Йосеф Бар-Йосеф - Трудные люди
Саймон. Послушайте… Он рад. Не умеет трубить, но — трубит. Эдакий сапожник-любитель, сапожничает себе в свое удовольствие, а когда разволнуется, нет, когда ему сделается вдруг особенно плохо или особенно хорошо, он дудит себе в рожок. Это как другому сигарета. Да, как курево для других людей. Это прекрасно, не правда ли? Это трогательно. За душу берет, а? Хочется бросить все, ничего не делать, взгрустнуть, пожалеть самого себя… Почему бы и нет? Уснуть вот так, погрузиться в небытие — блаженство, нежность! А… А-а!.. (Снова чихает Лейзеру в лицо.) Идиоты! Болваны! Правдолюбцы? Две дубины стоеросовые, возлюбившие честность. Возжаждавшие истины ослы! Мерзкие твари! (Подскакивает к стене и колотит в нее кулаками.) Хватит!..
Мелодия смолкает.
Саймон (оборачиваясь к Рахели). Ты обманула его. Ты обманула его с твоими сорока четырьмя годами.
И Рахель, и Лейзер смотрят на него в недоумении и с надеждой.

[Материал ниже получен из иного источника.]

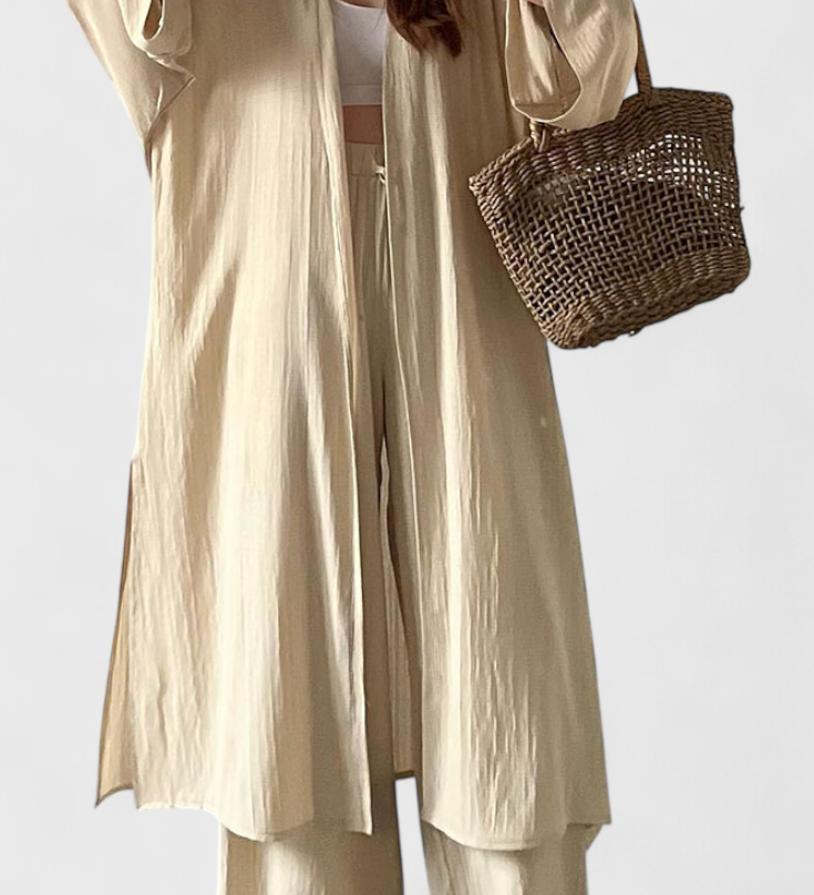 Conjunto Casual de Dos Piezas con Cárdigan Largo y Estilo con Abertura Lateral Para un Look Sofisticado y Cómodo

Саймон (смеется). Поглядите! Поглядите, как они оба обернулись! Явился чудотворец, он спасет, он все уладит. Ведь если не случится чуда, им придется расстаться навеки. Несчастные! Из-за правды. А… А-а… (Пытается чихнуть.) Ну! Ну давай-давай… Нет, ничего не получается.
Рахель. Саймон, прекрати.
Саймон. Ты сказала ему правду, да? Что тебе сорок четыре года? Какая грандиозная правда! Тоже мне вечная истина! А ведь через год это будет уже неправда, потому что через год тебе стукнет сорок пять. Это будет ложь, ложь! (Наклоняется, вскрикивает от боли и хватается рукой за спину.) Ой!.. А вся правда — и только правда — состоит в том, что ты хочешь видеть его своим мужем. И никакой другой правды нет. Но из-за того, что ты сказала «сорок четыре», ты все испортила. Это как если бы ты сказала ему: «Ты мне не нужен». Большей лжи нельзя себе представить!
Рахель (подымаясь). Я больше не могу этого вынести.

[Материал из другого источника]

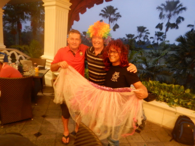 12 was the key scoring number of the day, Dirk Kruip racking up that number of strokes on a hole to take the Monkey whilst Kane Griffen improved by that number between the front and back nines to take home Most Improved. A 3 way tie for Monster Putter between Brandon Curson, Ric Wymer and Wahyu Budi saw the treasurer go home happiest whilst our 1 photo of the prize giving did capture our skirts: Tom Grace, Wahyu Budi and Richard Green; Al Livingston having to already depart.
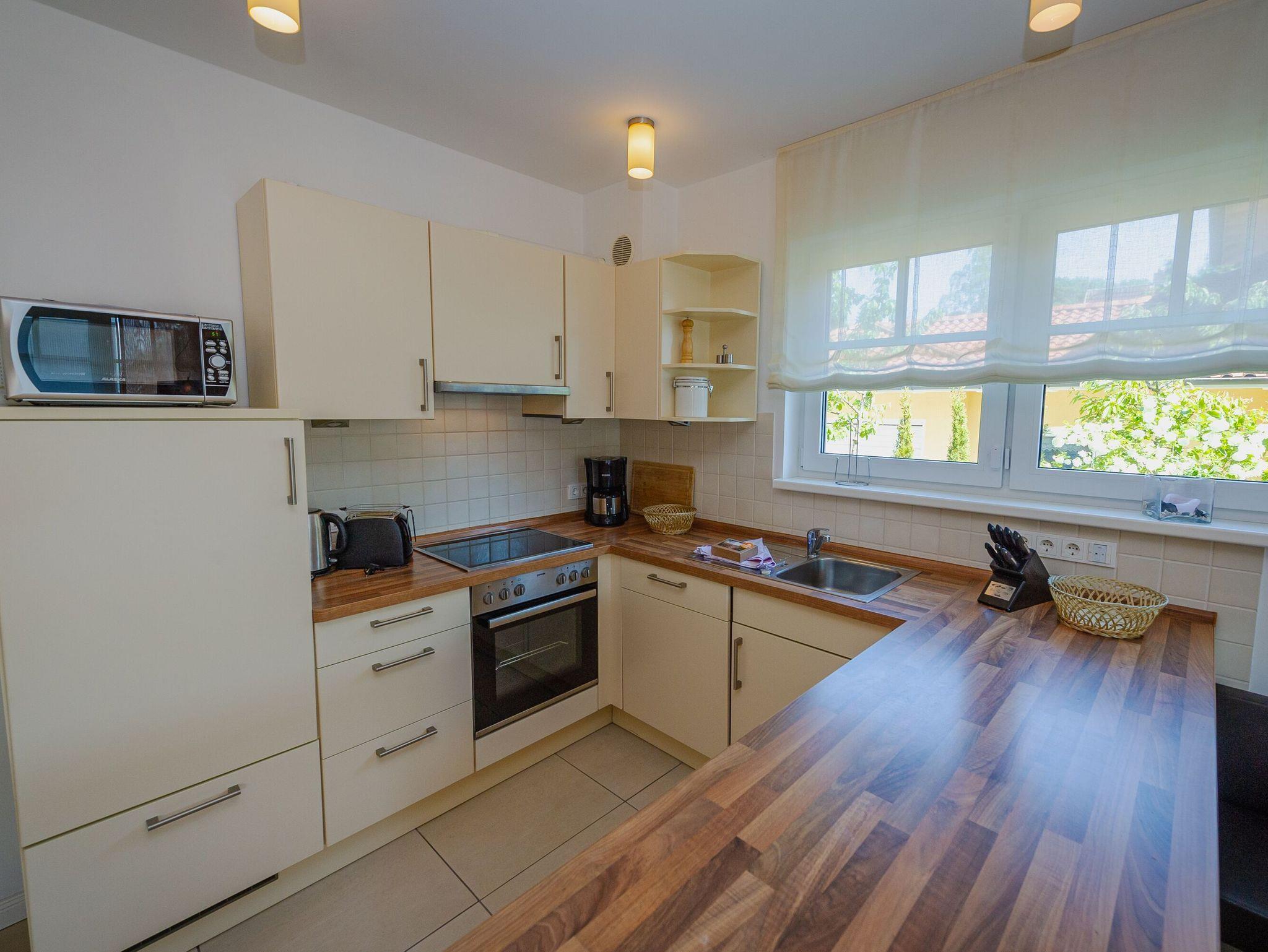 Die ebenfalls sehr gut ausgestattete, im Wohnbereich harmonisch integrierte Küchenzeile mit Spülmaschine, Backofen, 4-Platten-Ceranfeld, Mikrowelle, Kühlschrank mit Gefrierfach (***), Kaffeemaschine, Toaster, Wasserkocher und weiteren Utensilien lässt keine Wünsche offen.

Саймон. Чего ты не можешь вынести?
Рахель. Всего этого. Я не вынесу.
Саймон. Тебе и не нужно ничего выносить. Сядь и сиди спокойно. (Оборачивается к Лейзеру.) С таким болваном в доме ты можешь позволить себе сидеть спокойно. Несчастный правдоискатель! Твое правдоискательство на этот раз тебя как следует надуло! Твоя правда натянула тебе нос! Ты сам себе поставил клизму! Ты убиваешь ее, ты проливаешь ее кровь, но сам… Ты сам упускаешь свой жизненный шанс! Ты теряешь единственную женщину, которая будет тебе верна и не обманет. Сам Бог велел обмануть такого болвана, как ты! Но ты не понимаешь своего счастья, ты теряешь ту единственную, которую даже ты способен обвести вокруг пальца! Кусок поскребыша, бандит несчастный!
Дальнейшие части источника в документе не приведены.